**Available records**:
****************************************
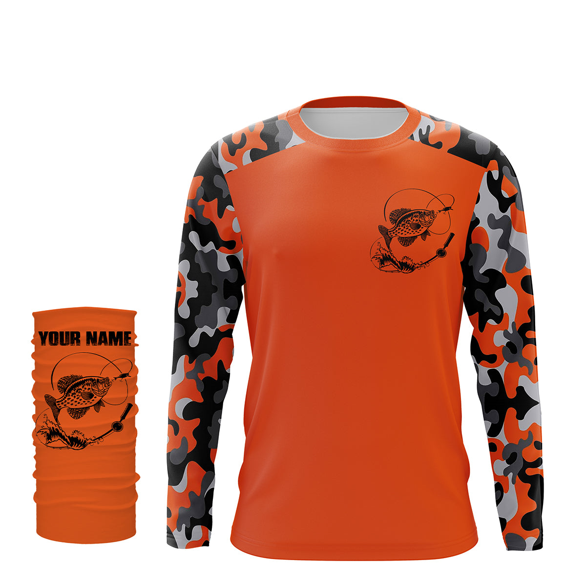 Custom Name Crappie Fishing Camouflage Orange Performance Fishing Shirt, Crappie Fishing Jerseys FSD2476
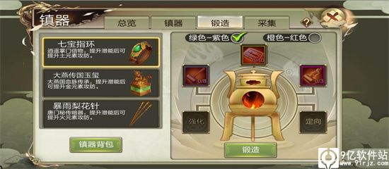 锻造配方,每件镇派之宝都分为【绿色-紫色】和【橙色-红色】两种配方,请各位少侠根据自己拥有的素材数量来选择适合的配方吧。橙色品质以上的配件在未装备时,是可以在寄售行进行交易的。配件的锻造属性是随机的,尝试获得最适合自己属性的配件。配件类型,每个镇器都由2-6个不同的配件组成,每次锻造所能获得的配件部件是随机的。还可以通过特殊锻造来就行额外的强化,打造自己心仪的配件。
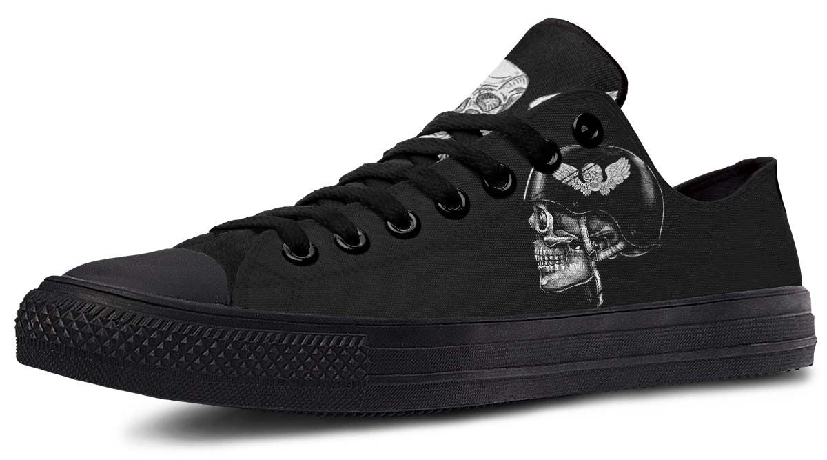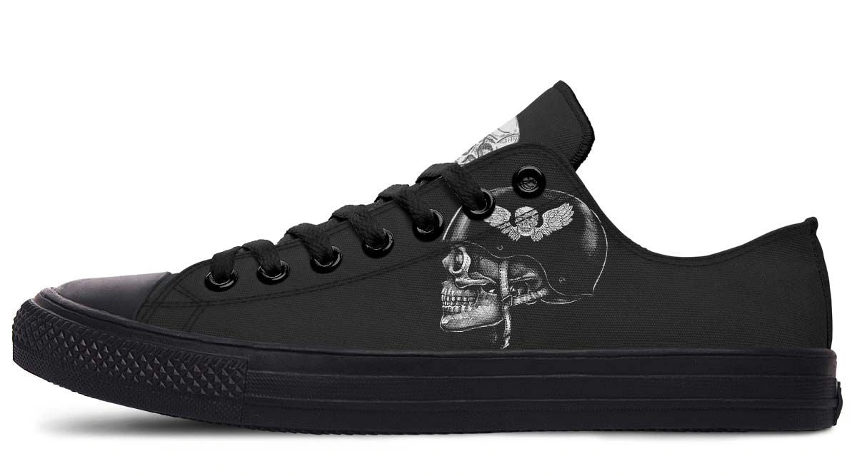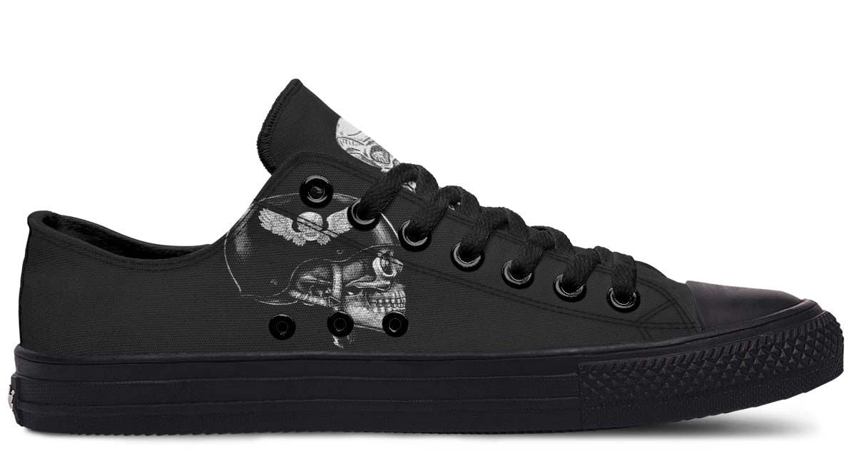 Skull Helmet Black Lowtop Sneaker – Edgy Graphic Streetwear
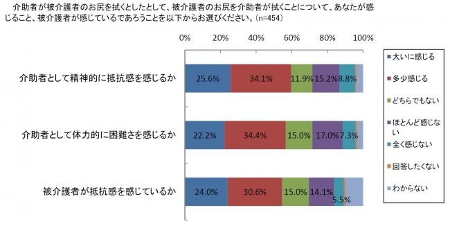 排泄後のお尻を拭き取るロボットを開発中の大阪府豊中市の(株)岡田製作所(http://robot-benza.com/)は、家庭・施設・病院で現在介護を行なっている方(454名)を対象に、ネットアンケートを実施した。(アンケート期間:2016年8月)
****************************************
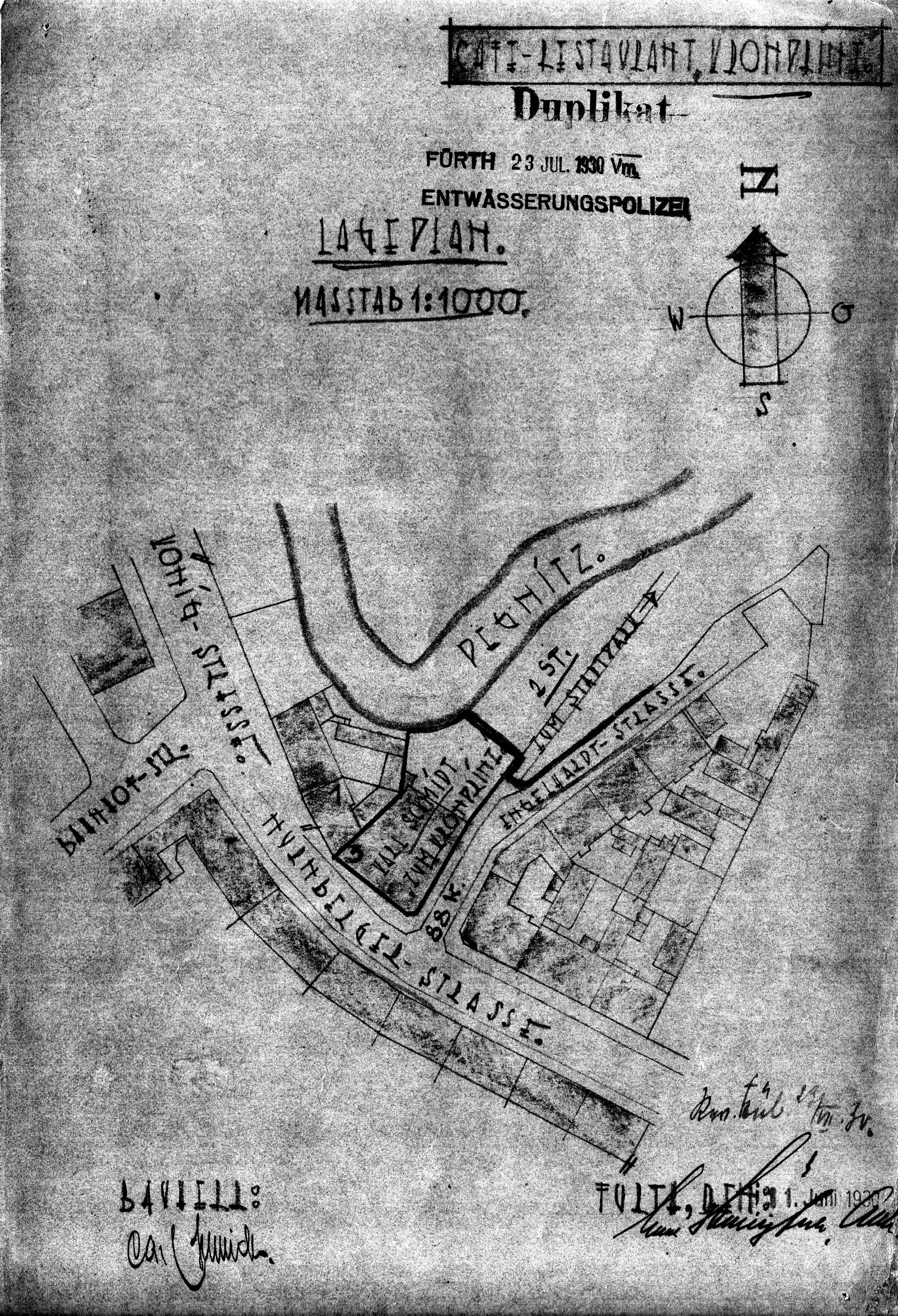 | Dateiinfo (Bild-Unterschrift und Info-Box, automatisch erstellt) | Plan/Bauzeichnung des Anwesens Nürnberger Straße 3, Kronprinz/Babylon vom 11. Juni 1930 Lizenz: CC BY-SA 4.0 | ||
****************************************
Starting at the line with "Skull Helmet Black" and finishing at the line with "排泄後のお尻を拭き取るロボッ", copy the material above exactly, both lines included. Nothing else goes in, and no pictures.

 Skull Helmet Black Lowtop Sneaker – Edgy Graphic Streetwear
 排泄後のお尻を拭き取るロボットを開発中の大阪府豊中市の(株)岡田製作所(http://robot-benza.com/)は、家庭・施設・病院で現在介護を行なっている方(454名)を対象に、ネットアンケートを実施した。(アンケート期間:2016年8月)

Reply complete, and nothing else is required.